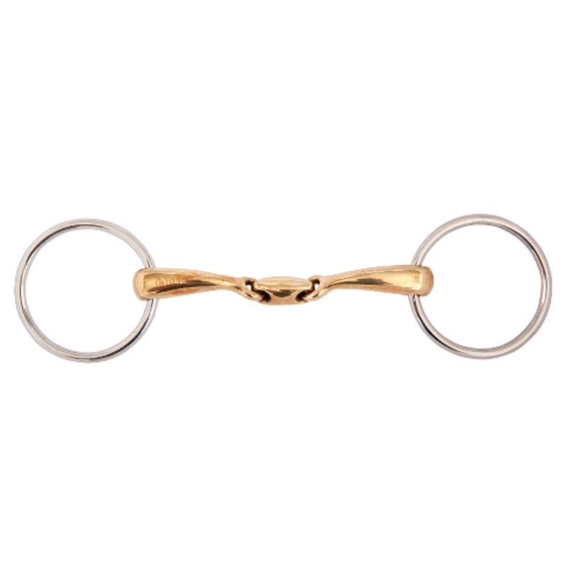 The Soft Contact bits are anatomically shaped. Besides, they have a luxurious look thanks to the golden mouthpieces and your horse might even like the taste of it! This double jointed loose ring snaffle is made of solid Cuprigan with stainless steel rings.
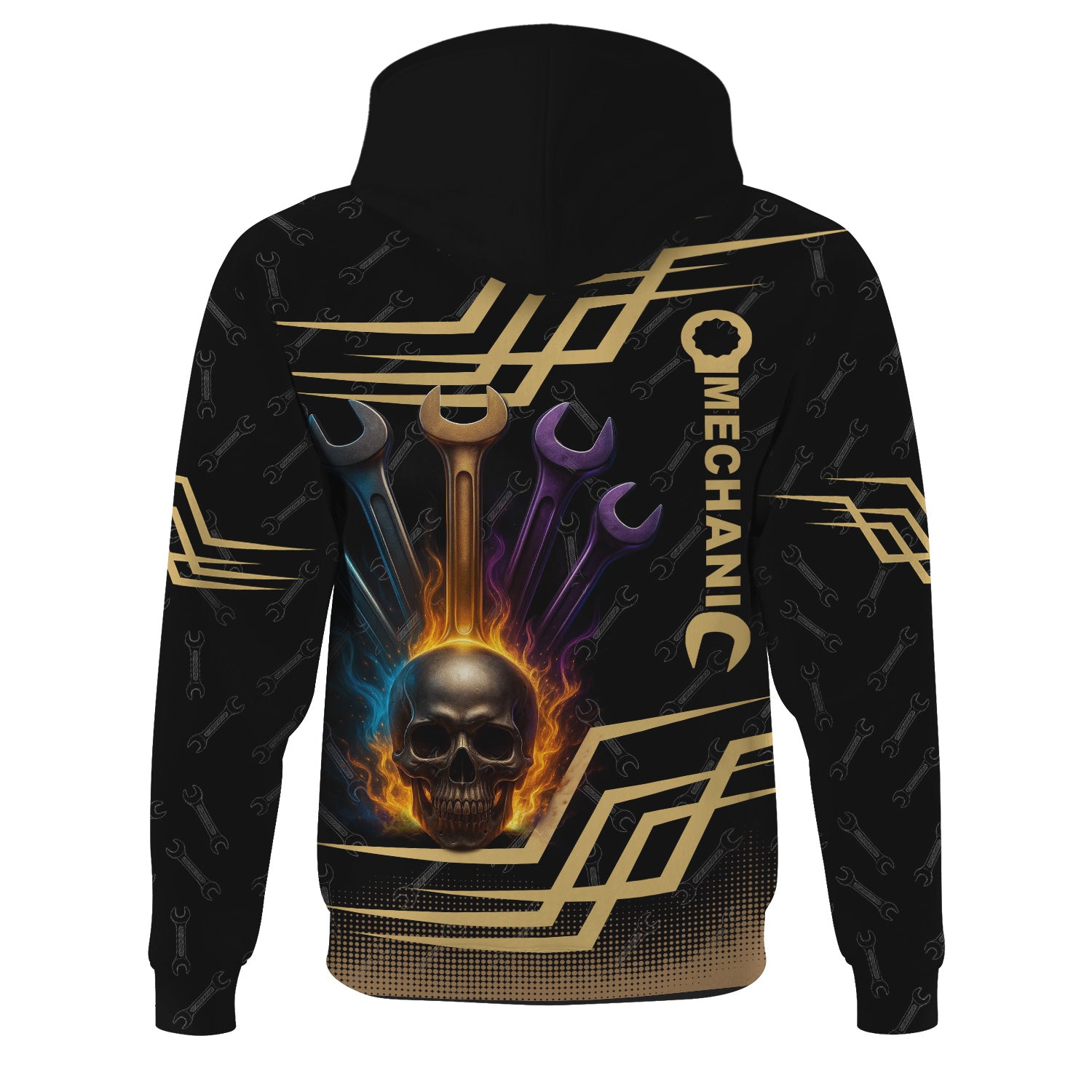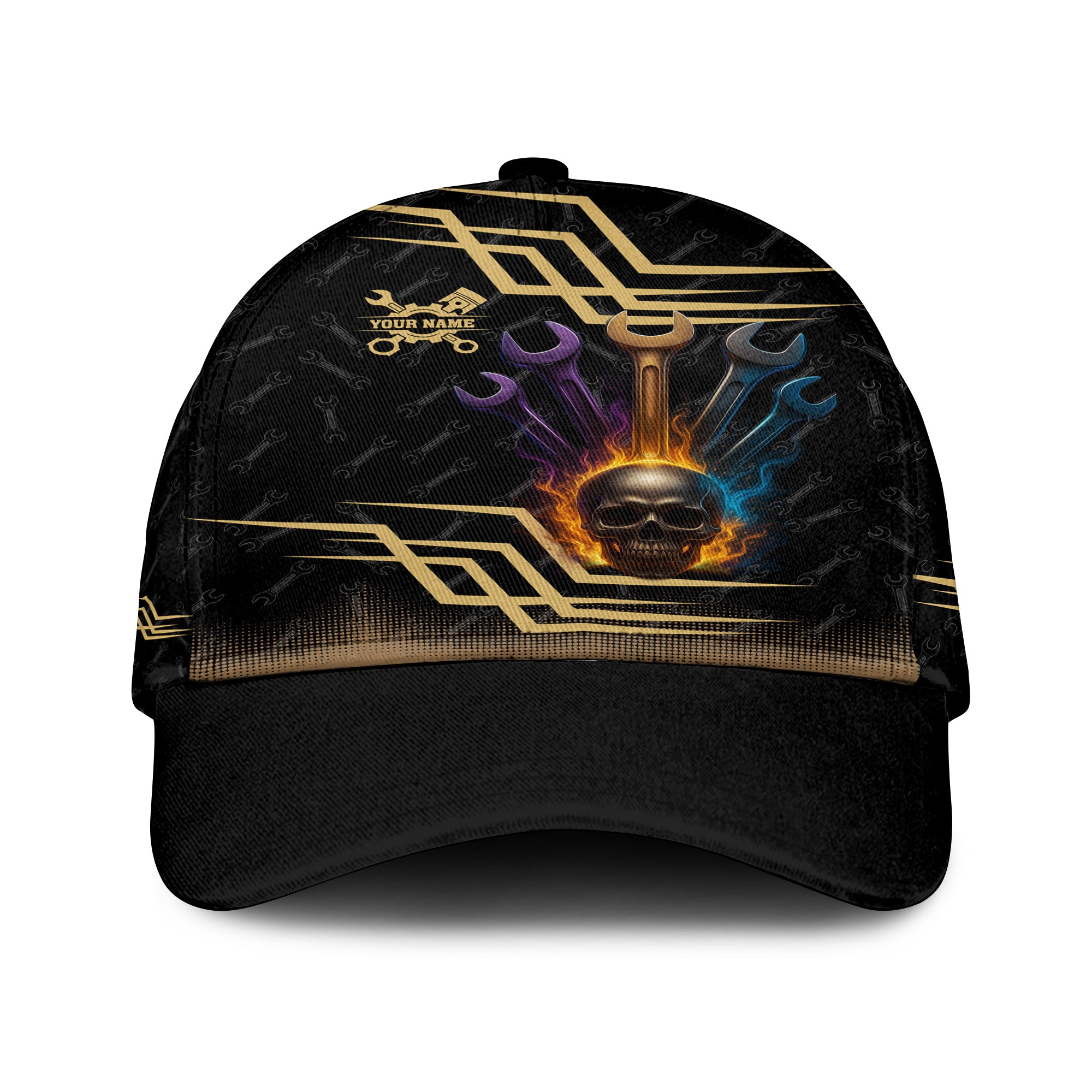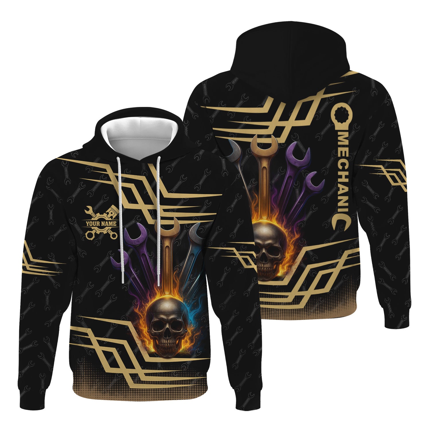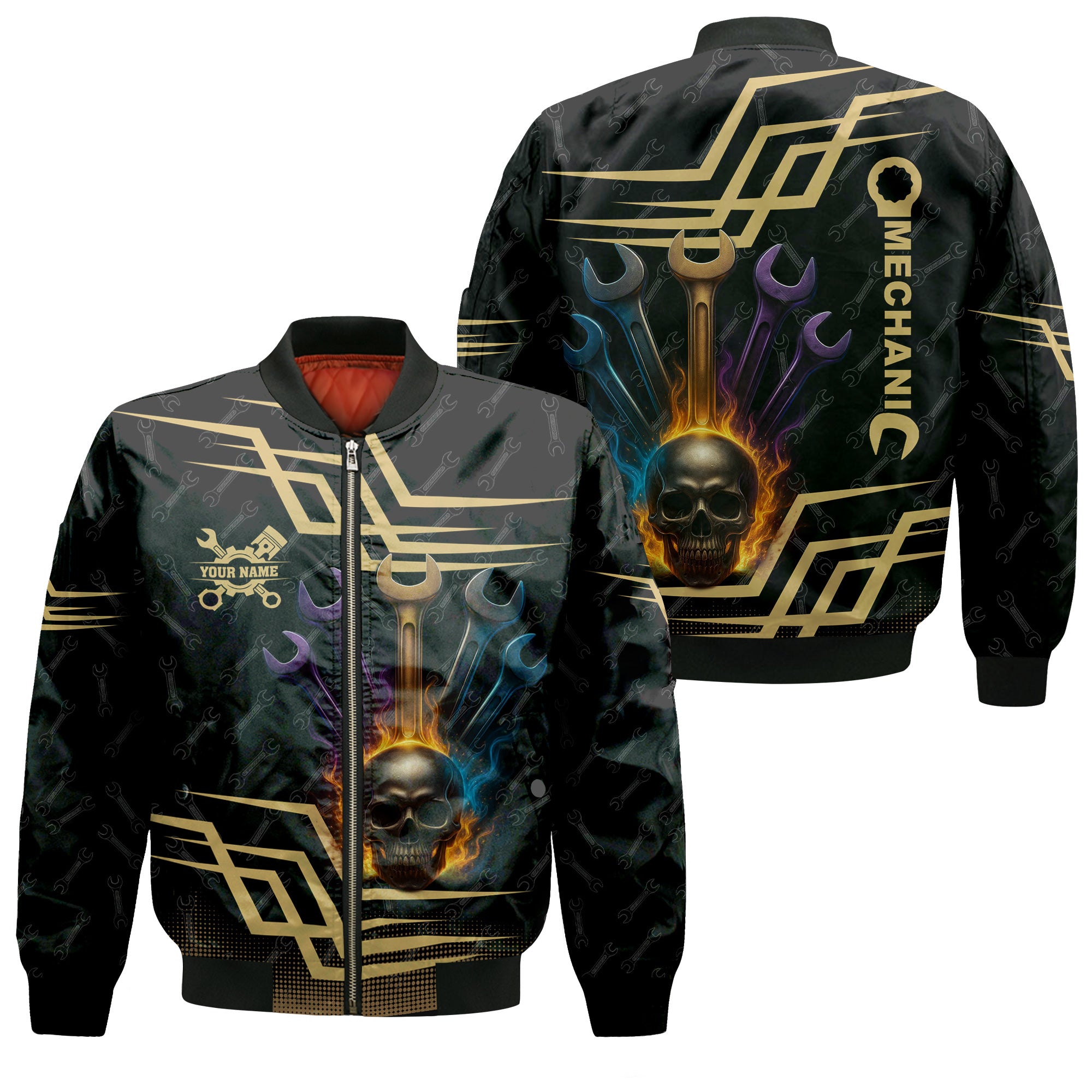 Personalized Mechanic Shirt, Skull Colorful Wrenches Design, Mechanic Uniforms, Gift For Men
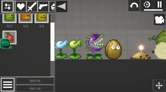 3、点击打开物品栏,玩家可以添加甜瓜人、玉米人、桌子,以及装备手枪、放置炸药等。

ASSIGNED TASK: Drop the pictures and copy the data exactly.

ANSWER SPACE:
 The Soft Contact bits are anatomically shaped. Besides, they have a luxurious look thanks to the golden mouthpieces and your horse might even like the taste of it! This double jointed loose ring snaffle is made of solid Cuprigan with stainless steel rings.
 Personalized Mechanic Shirt, Skull Colorful Wrenches Design, Mechanic Uniforms, Gift For Men
 3、点击打开物品栏,玩家可以添加甜瓜人、玉米人、桌子,以及装备手枪、放置炸药等。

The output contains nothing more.